An essential element of trust is transparency. Again, referencing the PwC survey, 71% of consumers find the privacy policies posted by companies to be difficult to understand.  If a consumer believes that an organization is intentionally obfuscating its practices, trust erodes.  When trust erodes, consumers say they will take their business elsewhere.

The moral of the story here is that as we move more fully into the data economy, we must also move more fully into being trustworthy stewards of personal data.  We do that, by adhering to the letter and the spirit of the data protection laws and establishing strong information practices.  Some of those practices include:

  • Data Flow and Categorization – It sounds cliché, but you can’t protect what you don’t know you have. So, the first step that is typically suggested is doing a data flow or data mapping.  This helps you to determine where the date is coming from, how it’s being used, and who you might be sharing it with.  You may find that you’re collecting more data than you need, or that you’re sharing it with vendors that don’t need it.
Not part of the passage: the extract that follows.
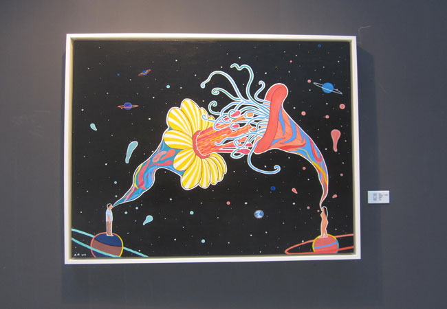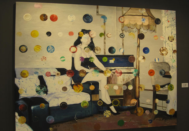这幅画中的女郎,坐在哪里似乎在发呆,脸部也被气泡遮掩住了

  • Limit Collection of Data – Another old axiom in the data security and privacy business is “don’t collect what you don’t need.” To put it simply, it’s difficult to disclose or inappropriately use data that you don’t have.  Once you’ve done a data mapping exercise, you can review this with your team to determine which data is strictly needed as opposed to “nice to have.”  Moreover, many of the fair information practices are built on the notion of only collecting the data that you need to complete transaction with the individual.
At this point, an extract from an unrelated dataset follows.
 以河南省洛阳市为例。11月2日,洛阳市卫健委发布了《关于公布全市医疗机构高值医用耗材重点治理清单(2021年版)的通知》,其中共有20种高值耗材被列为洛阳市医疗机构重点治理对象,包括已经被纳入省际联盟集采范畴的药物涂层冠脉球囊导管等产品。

  • Disclosures – Transparency with your constituency about what data you’re collecting and when, and how it’s being used is one of the simplest, but most important, steps that can be taken with respect to privacy. Visitors to your site, and consumers of your product or services, can’t make informed decisions about sharing their data if they don’t understand how that data might be used. Providing clear and concise information about your information practices helps to engender trust and stands you in good stead with legislative privacy regimes.
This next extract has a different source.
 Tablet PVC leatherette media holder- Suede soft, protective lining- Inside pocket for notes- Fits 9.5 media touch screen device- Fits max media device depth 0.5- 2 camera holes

  • Awareness and Training – In today’s economy, most of our businesses and non-profits run on data. Whether we intend to or not, we become dependent on data transmission, data analysis, data storage, and data collection.  That means that everyone in our organization is going to encounter personal data at some point.  Given that fact, it’s important that your team knows what data is considered sensitive, and how that data is to be treated. An important part of training, that can be easy to overlook, is how to report a potential incident.  For example, what should be done if someone has emailed a payment account number?

The dilemma facing businesses today is encapsulated nicely in the January 2019 issue of the Frontier Technology Quarterly:

On one hand, the data economy is radically transforming many economic activities and creating new levels of prosperity. On the other, it presents the possibility of a perilous dystopia … A market economy cannot function without trust, and the data economy is no exception. Trust deficits can unravel the data market and undermine social cohesion, stability and peace.